Transcribe the listing word for word, beginning at its first line and ending at the line containing "Open to all"; omit the pictures.

Recorded data:
Segment Open

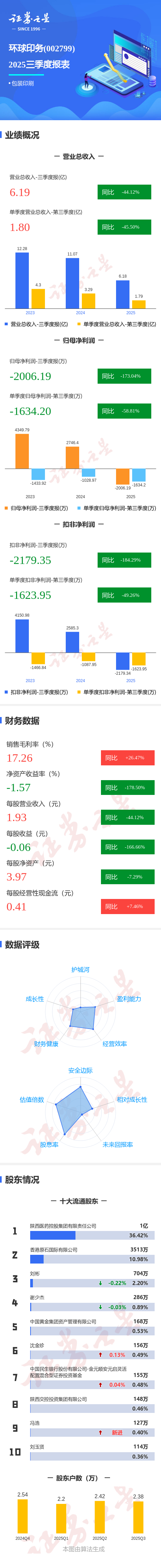 图解环球印务三季报:第三季度单季净利润同比下降58.82%
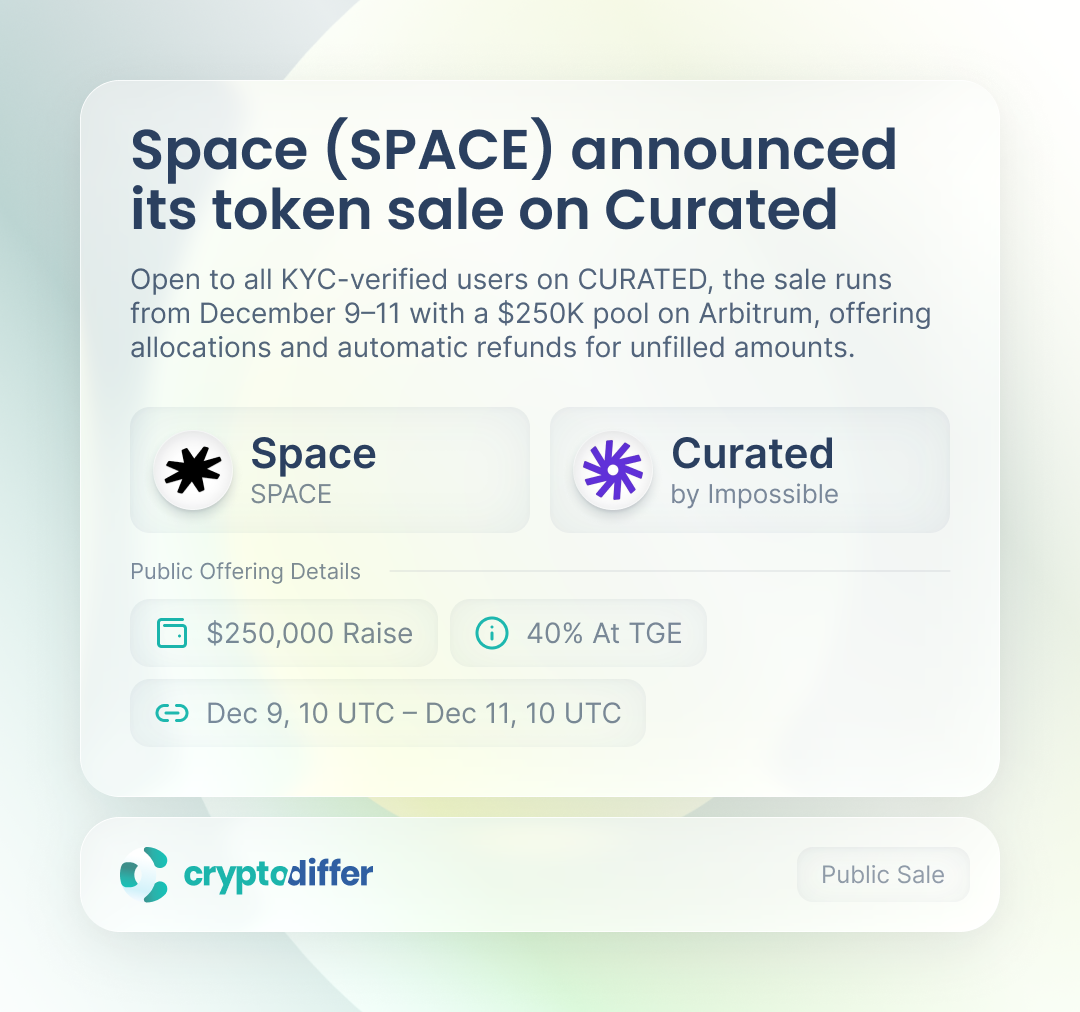 Open to all KYC-verified users on Curated, the sale runs from December 9–11 with a $250K pool on Arbitrum, offering transparent allocations and automatic refunds for unfilled amounts.
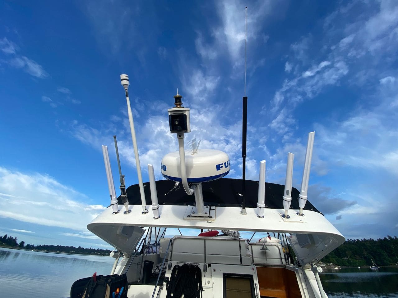 The arch on Rendezvous tips down, originally to allow the boat into a covered slip, but it comes in handy when needing to access all of my antennas. I chose to mount the OMNI-496's on either side of the radar nearer the center of the boat.
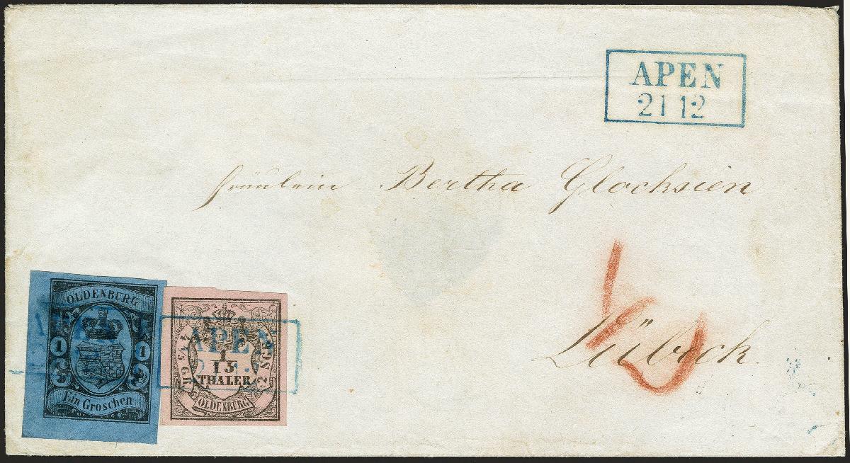 | Zusatzinformationen und Suchstichworte: | 372. Auktion Heinrich Köhler 14. Dezember 2019 Los 138 1852, Hauswappen, 1/15 Taler schwarz auf rosa, Type III, in Mischfrankatur mit 1859, 1 Groschen schwarz auf blau, beide breit- bis überrandig, die 1 Groschen aus der linken unteren Bogenecke stammend mit ca. 3,5 mm Bogenrändern links und unten, mit sauber und gerade auf- und nebengesetztem blauen Rahmenstempel "APEN 21 12" auf weißem Briefkuvert nach Lübeck mit rückseitigem Ausgabestempel. Besonders schöne und frische Erhaltung. In der Kombination mit der Bogenecke wahrscheinlich der schönste der wenigen bekannten Briefe mit dieser Mischfrankatur. Fotoattest Stegmüller BPP (2019) Ausruf 3.000,00 EUR Zuschlag 5.500,00 EUR (aus der Sammlung Erivan Haub) |

Segment Closed

Exercise response:
 图解环球印务三季报:第三季度单季净利润同比下降58.82%
 Open to all KYC-verified users on Curated, the sale runs from December 9–11 with a $250K pool on Arbitrum, offering transparent allocations and automatic refunds for unfilled amounts.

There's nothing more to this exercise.